For that to happen, though, analysts warn that the industry will have to settle on some common standards.
''They're not all working together, using the same type of technology," said Anthony Pratt, senior manager for global power trains at J.D. Power and Associates, the global marketing information firm. In the next decade, Pratt does not foresee hydrogen vehicles sold in significant numbers. But, he added, ''Do I think we'll see hydrogen vehicles in our lifetime? Absolutely."
The FCX offers some tangible proof that the technical hurdles of developing a hydrogen vehicle can be cleared.
''Obviously you need to advance the technology," said Ben Knight, vice president of automotive engineering at Honda Research and Development, Americas. That means expanding the range of hydrogen-powered vehicles that today, under best circumstances, travel fewer than 200 miles on two tanks of fuel. It means making them lighter -- the small, Civic-sized FCX weighs nearly two tons. It means refining them so they can work in extreme climates.
But those are technological goals toward which Honda, among others, has moved rapidly since its first hydrogen car was introduced in 1999. For instance, the size of the fuel-cell stacks that use the onboard hydrogen and available oxygen to produce the electricity that powers the FCX has been halved. And the car uses its hydrogen nearly two-thirds more efficiently.
The larger hurdles will be finding the most environmentally friendly, cost-efficient way of producing hydrogen.
And beyond that, said Friedman, will be the monumental task of creating an infrastructure to supply hydrogen vehicles with their needed fuel, and moving through what will be a many-years-long process of turning over the nation's automotive fleet as drivers are weaned from their gasoline, diesel, and hybrid vehicles.
Honda's Knight said that there will have to be an effort to prepare the market by educating consumers so they ''understand the benefits" of the technology. Honda already has launched this last effort, providing hydrogen cars to municipal and state governments and even leasing, for $500 per month, an FCX to a California family.
The FCX uses its fuel stack to create electricity that directly powers an electric motor connected to the front wheels. The process of combining hydrogen and oxygen to make electricity produces pure ''exhaust" -- water.
But Honda and environmental advocates such as Friedman say this application is only one potential use of hydrogen.
Honda, for instance, also is developing a home energy station that would use another method of producing hydrogen -- stripping the hydrogen from natural gas in a refrigerator-size ''processor" and using the electricity produced to power a home, the heat from the process to help warm it, and the hydrogen to fuel the family automobile.
It would be ''the ultimate power plant," Knight said.
Yet there is some debate over the best way to produce or extract hydrogen.
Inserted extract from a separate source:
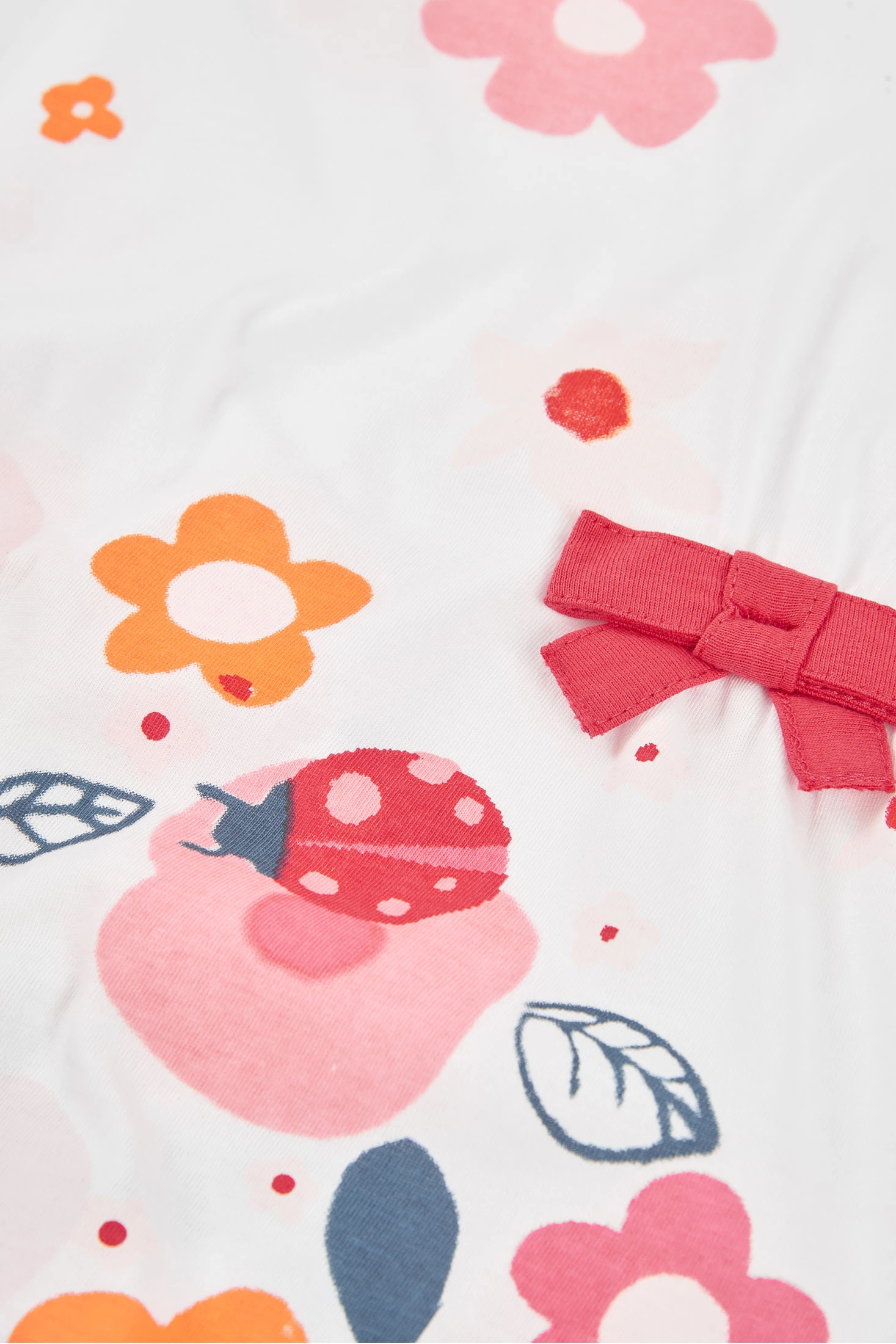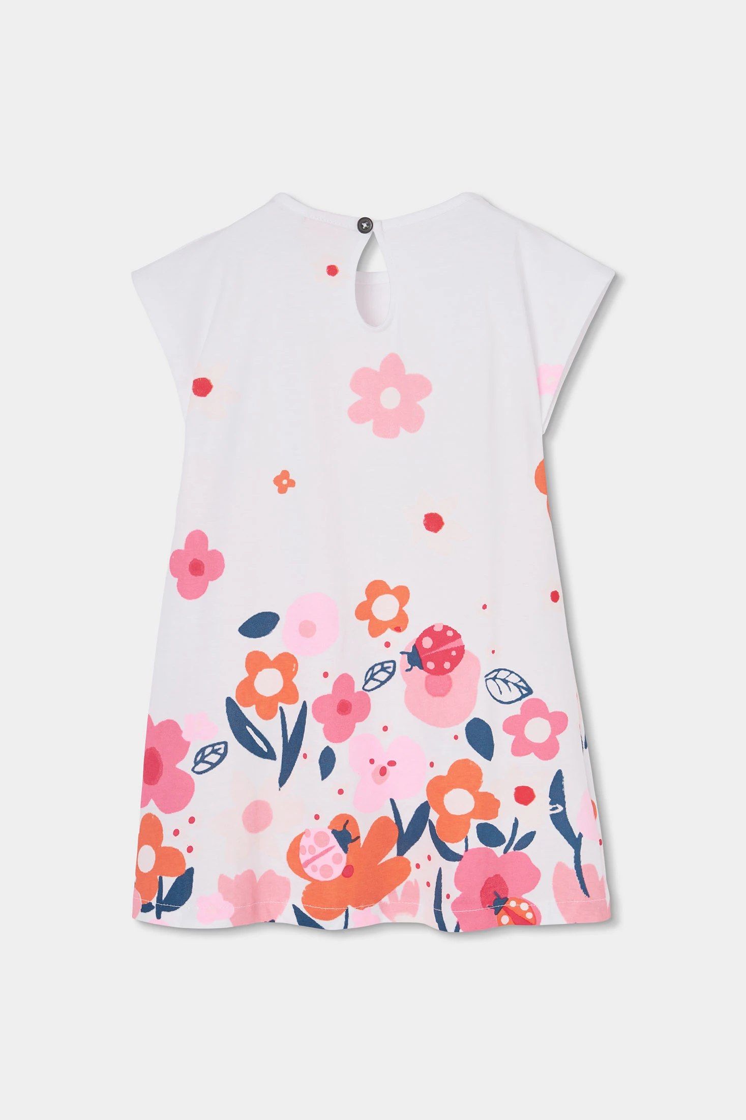 Vestido de malha branca ideal para as mais pequenas, com tamanhos disponíveis desde os 12 meses até aos 14 anos. O seu design apresenta um estampado colorido de flores em tons rosa, laranja e azul, juntamente com adoráveis joaninhas. O material de malha é suave e confortável, perfeito para uso diário. O detalhe de um laço na cintura acrescenta um toque de encanto. Com decote redondo e mangas curtas, é uma opção versátil e alegre para qualquer ocasião.

Stripping it from natural gas, for example, means relying on another limited fuel source.
''If we rely on natural gas, we're going to be pretty much back in the same place," Friedman said. Not only is its supply finite, but much of it comes from outside the United States and much of that from below the sands of the Middle East.
Another method of extracting hydrogen is to use electricity to extract it from water. Yet that depends on a power source that relies on coal, oil, or natural gas for its own production. Best, said Friedman, would be a system that uses solar or wind power to produce electricity and then use that electricity to do the job. For instance, Honda's ''gas station" in Torrance, Calif., has a pump that looks much like your standard gas pump -- except that it distributes hydrogen that is produced using solar power from a long panel mounted nearby.